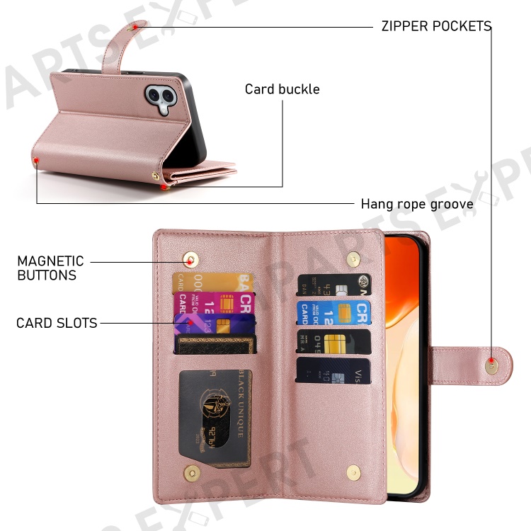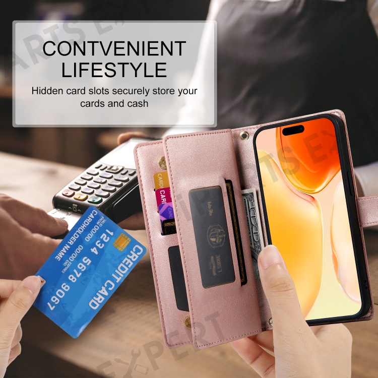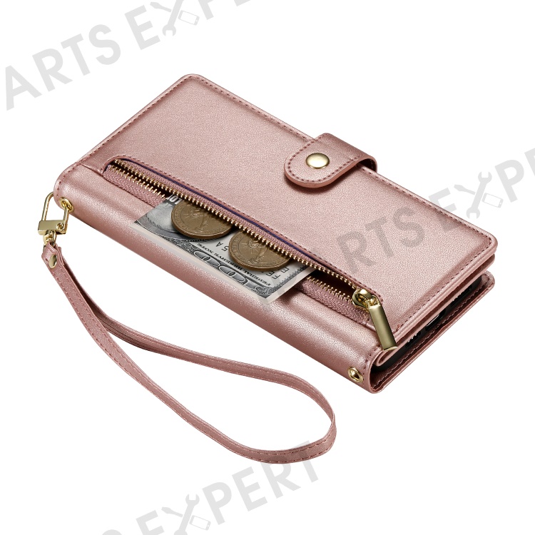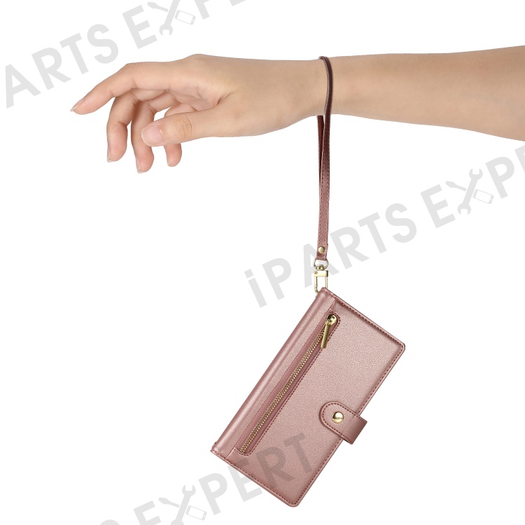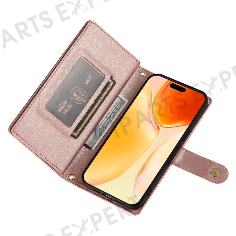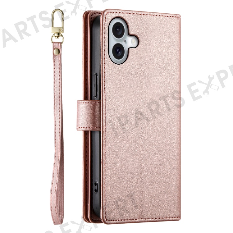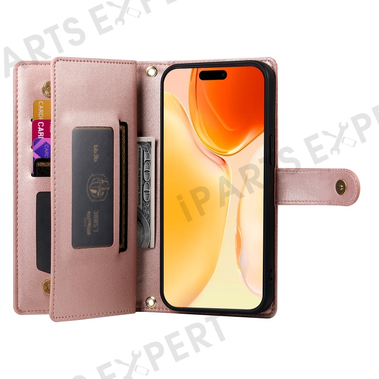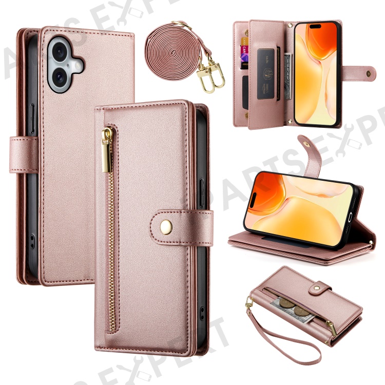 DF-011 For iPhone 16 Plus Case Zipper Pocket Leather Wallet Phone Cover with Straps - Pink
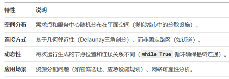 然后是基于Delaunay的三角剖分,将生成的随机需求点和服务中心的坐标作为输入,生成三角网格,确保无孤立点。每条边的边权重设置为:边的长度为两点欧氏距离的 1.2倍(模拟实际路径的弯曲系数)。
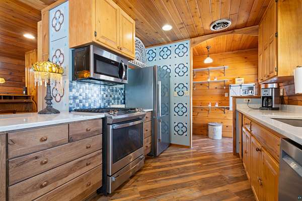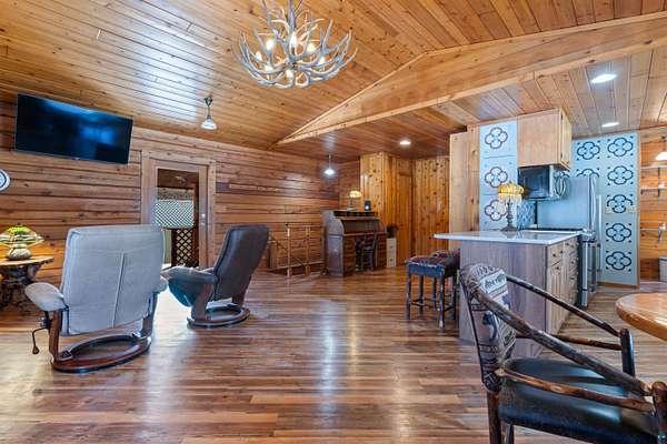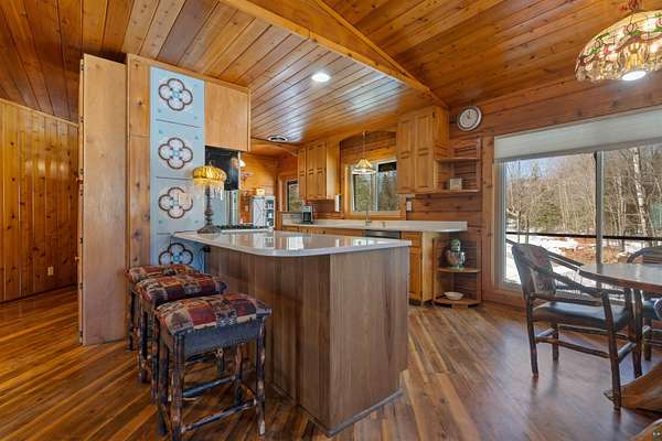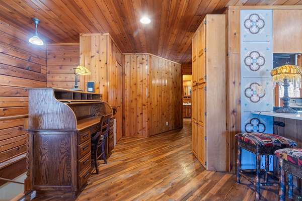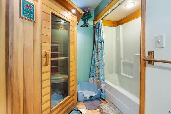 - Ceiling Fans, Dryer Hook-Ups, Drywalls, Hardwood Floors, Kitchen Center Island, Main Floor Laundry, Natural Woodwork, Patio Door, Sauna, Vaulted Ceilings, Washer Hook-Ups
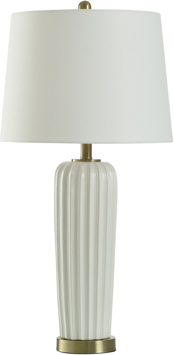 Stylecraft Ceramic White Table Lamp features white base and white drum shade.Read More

**ASSIGNMENT:** Both the line containing "- Ceiling Fans, Dryer" and the last line of the listing above belong in the copy, along with every line between them; retype them exactly and omit the pictures.

**SOLUTION:**
 - Ceiling Fans, Dryer Hook-Ups, Drywalls, Hardwood Floors, Kitchen Center Island, Main Floor Laundry, Natural Woodwork, Patio Door, Sauna, Vaulted Ceilings, Washer Hook-Ups
 Stylecraft Ceramic White Table Lamp features white base and white drum shade.Read More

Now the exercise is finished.